A introdução de tintas produzidas comercialmente em tubos, a conveniência de cavaletes portáteis e conjuntos de tintas, combinadas com a maior mobilidade proporcionada pelo desenvolvimento dos caminhos de ferro, fomentaram a crescente popularidade da pintura ao ar livre ou fora de portas.

A secção de abertura da exposição demonstra a firmeza com que os artistas associados ao impressionismo se comprometeram a registar as suas observações directas da natureza e tornar a variabilidade de luz, cor e atmosfera num elemento central do seu trabalho. 
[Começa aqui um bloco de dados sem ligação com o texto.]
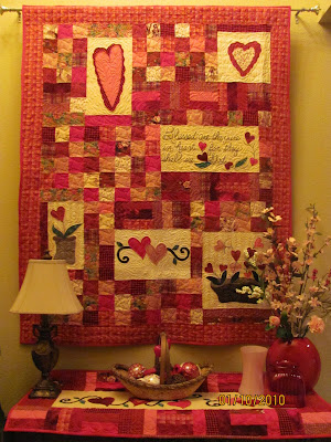 Lime green has become one of my favorite colors, closing following red and turquoise. It just brightens the day, don't you think? We've had a bit of sunshine the past few days here in "Green Country" (NE Oklahoma) but I was so busy sewing that I didn't get out and enjoy it. I made my own sunshine! This little quilt will be sold at the Green Country Quilters' Guild show in June (4th and 5th) at the Small Quilt Auction benefiting our guild.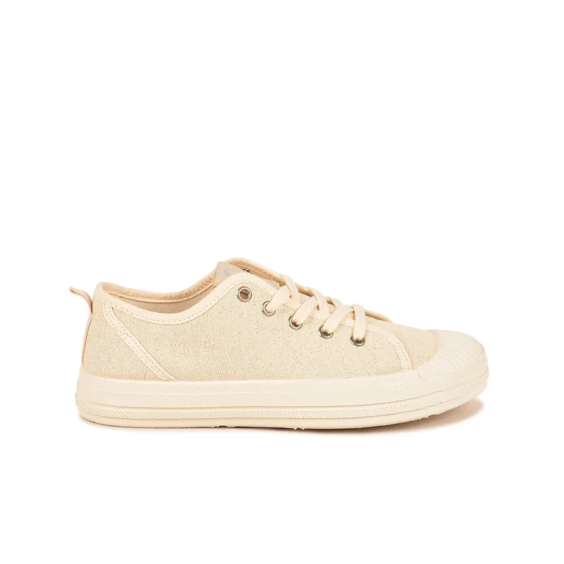 Laissez vous séduire pour la basket basse femme en toile irisée écru. Cette chaussure très originale grâce à sa toile 100% recyclée et son fil lurex coloris écru, montée sur une semelle injectée et en caoutchouc naturel, saura vous apporter confort et légèreté lors de vos balades estivales. Elle s’accordera avec toutes vos tenues de la saison. Petit plus, sa semelle intérieure est amovible donc très pratique si vous souhaitez insérer vos propres semelles.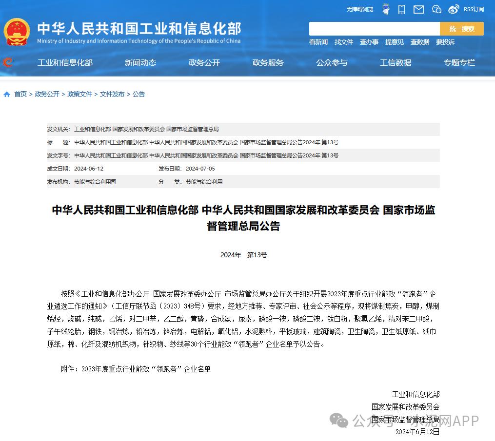 近日,工業(yè)和信息化部、國家發(fā)展和改革委員會、國家市場監(jiān)督管理總局聯(lián)合發(fā)布《2023年度重點行業(yè)能效“領(lǐng)跑者”企業(yè)名單》,其中華新水泥(道縣)有限公司、華新水泥(黃石)有限公司、吳忠賽馬新型建材有限公司、冀東海天水泥聞喜有限責(zé)任公司入選。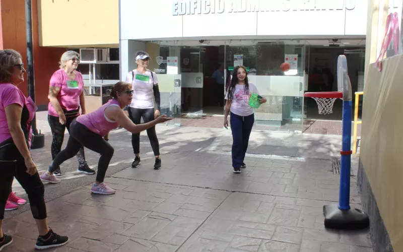 Durante el rally rosa, las alumnas realizaron diferentes actividades como juegos con globos, pláticas sobre el cáncer, pruebas de obstáculos, relevos y activación física, entre otras.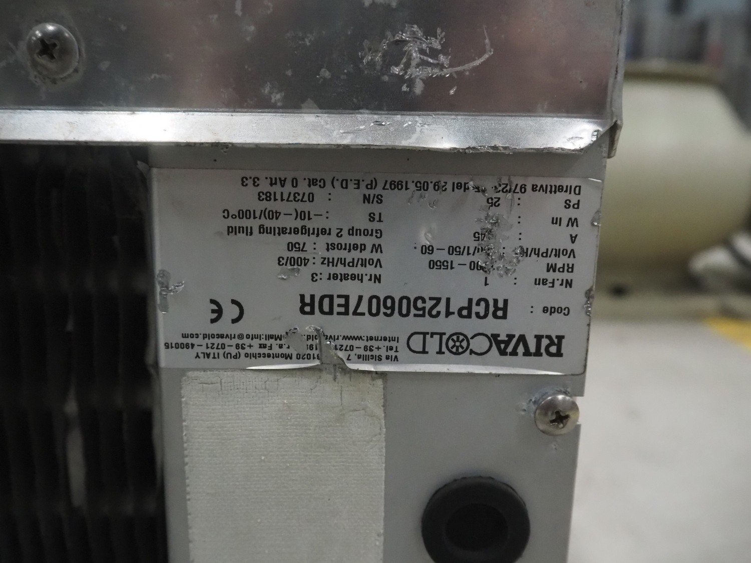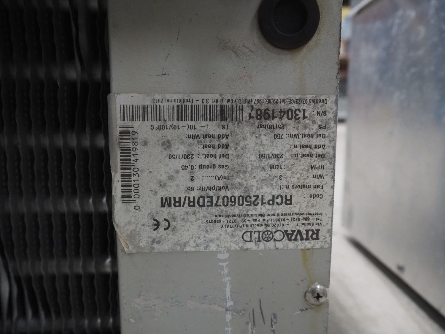 2 Rivacold evaporator, 1 fan, model: RCP 1250607EDR/RM, dimensions: 570 mm x 460 mm x 360 mm.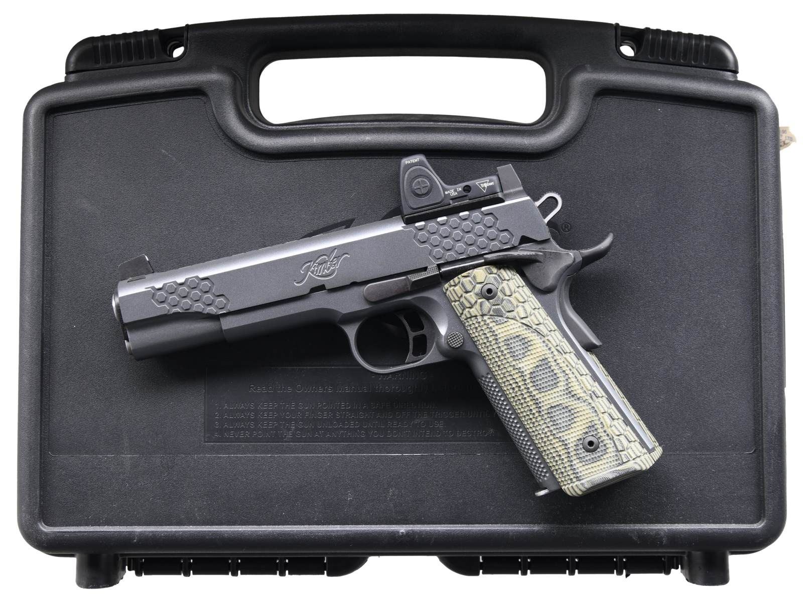 Cal. 45 ACP. S# K885360. Bbl. 5". Three dot sights. Slide-mounted Trijicon RMO6 red dot sight. Gray finish. Extended right safety. Extended beavertail grip safety. Matte gray finish. Hogue G10 Mag grips. MAGS: 1-7 rd. UNATTACHED ACCESSORIES: matching-numbered factory hardcase w/ manual, cable lock, paperwork, & bushing wrench. CONDITION: all aspects are near excellent. PROVENANCE: the collection of Gun Sport Ltd., owned by Jon R. Thomas. (23-3859/MJC). MODERN. $1000-1500.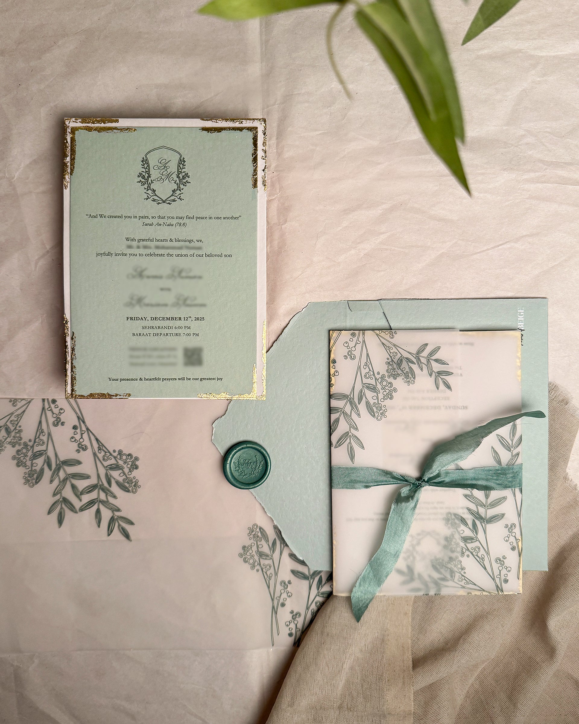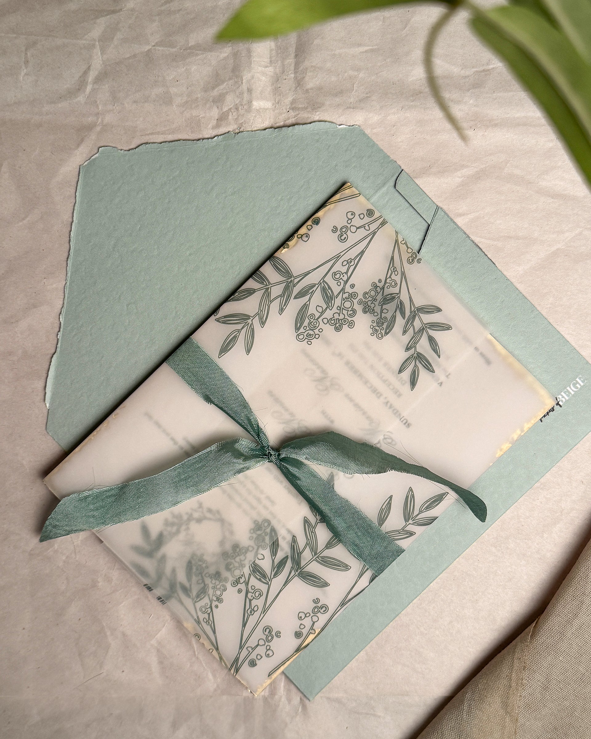 The vellum is printed with delicate botanical line art in a soft neutral tone. A frayed silk ribbon in a coordinating shade is available as an optional add-on. The envelope is made from matching raw textured card and finished with a deckled-edge flap, completing the set with a clean, cohesive finish.

As cidades como Paris e Londres foram a principal inspiração para a próxima secção da exposição, A Cidade Moderna. Alguns artistas concentraram-se na arquitetura da capital francesa, captando cenas das suas grandes avenidas ou entretimentos urbanos populares, como o cabaré, o ballet e o teatro. Artistas como Renoir, Pissarro e Degas detiveram muitos aspectos da experiência urbana - a energia cinética de grandes multidões viajando de um lado para outro ou uma única figura captada num momento de devaneio silencioso.

Outra secção concentra-se nas diferentes formas pelas quais os impressionistas, como Manet e Cézanne reanimaram o tema tradicional da pintura de natureza-morta, impregnando-a com um novo espírito e discrição. Nestas obras, os visitantes serão convidados a testemunhar objectos do quotidiano transformados pela cor, textura e linha.

 “Gauguin e os Impressionistas: Obras-Primas da Colecção Ordrupgaard”, é uma exposição composta com obras retiradas desta colecção dinamarquesa, que também oferece novas investigações sobre a pintura francesa, os gostos e a vida cultural dessa época áurea do Impressionismo. 

A Colecção Ordrupgaard que estará patente em Londres oferece um novo olhar sobre estes talentosos artistas, desde os finais do século XIX até início do século XX, que se fascinaram por vários temas, que serviram de ponto de inspiração para as suas ambições artísticas e onde a arte parecia ser uma parte da sua vida quotidiana.